M v The Queen
[2008] NZSC 52
•17 July 2008
IN THE SUPREME COURT OF NEW ZEALAND
SC 27/2008
[2008] NZSC 52M
v
THE QUEEN
Court:Blanchard, Tipping and McGrath JJ
Counsel:W M Johnson for Applicant
N P Chisnall for Crown
Judgment:17 July 2008
JUDGMENT OF THE COURT
THE APPLICATION FOR LEAVE TO APPEAL IS DISMISSED.
REASONS
[1] The applicant seeks leave to appeal against the dismissal by the Court of Appeal of his appeal to that Court against his conviction on a number of representative charges of sexual offending and the sentence imposed upon him of five and a half years imprisonment and an order for payment of $70,000 in reparation to the victim.

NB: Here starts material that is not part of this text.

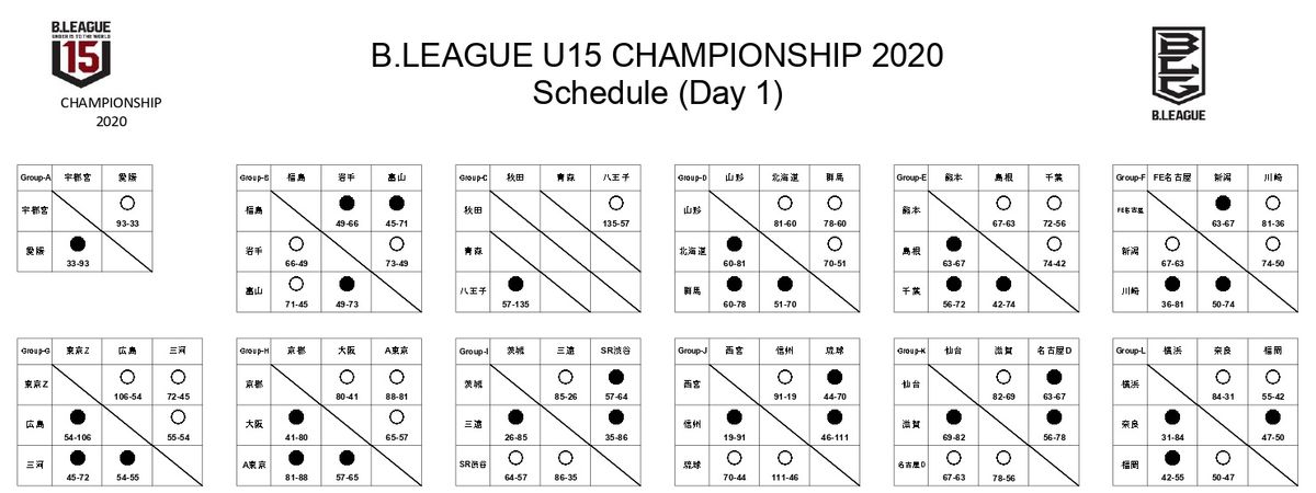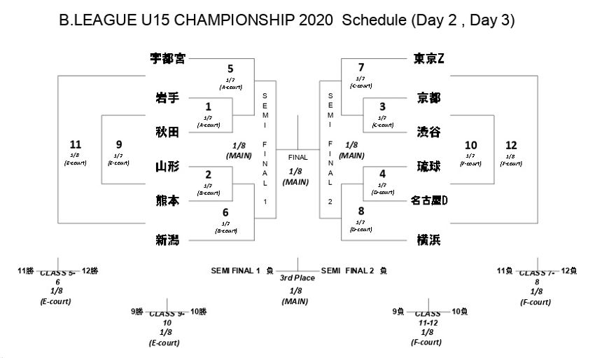 1月6~8日にスカイホール豊田(愛知)で開催される“BリーグU15チャンピオンシップ2020”。初日の予選リーグを終え、宇都宮、岩手、秋田、山形、熊本、新潟、東京Z、京都、SR渋谷、琉球、名古屋D、横浜がブロック1位で通過し、明日からの決勝トーナメントへ駒を進めた。

[2] Although there was a split decision in the Court of Appeal relating to the convictions, we are not persuaded that leave should be granted. The proposed ground for the conviction appeal concerns certain relatively brief passages in the applicant’s statement to the police. The Court of Appeal unanimously identified the trial Court’s error in allowing those passages to be admitted in evidence. Therefore there is no point of law to be corrected. The Court was divided on whether the admission of the evidence resulted in an unfair trial. That is not a question of law or fact of public or general importance as it is entirely dependent upon the facts of the particular case. And, importantly, overall there does appear to have been a fair trial and there is no appearance of any miscarriage of justice.

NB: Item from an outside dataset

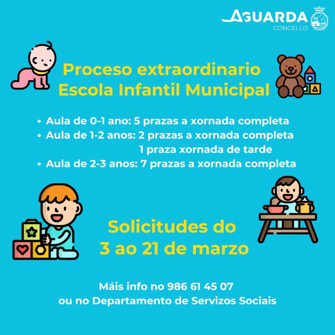 A Escola Infantil Municipal da Guarda abre o próximo día 6 de outubro de 2025 un proceso EXTRAORDINARIO para cubrir as seguintes prazas:

[3] As to the sentence appeal: by the standards at the time when the offending took place the sentence could possibly be seen as a stern one but there were multiple convictions on representative counts and the victim was very young. Even factoring in the order for reparation, which seems to have been offered by the applicant not out of remorse but out of a desire to reduce the length of sentence, and also factoring in the age of the applicant, we do not consider that this Court should interfere with the Court of Appeal’s decision to confirm the sentence. In particular, we are not persuaded that if the applicant had been sentenced for his subsequent offending on the same occasion when he was sentenced for the present offending, the aggregate periods of imprisonment would have been significantly less than the combined sentences he has received on the separate occasions.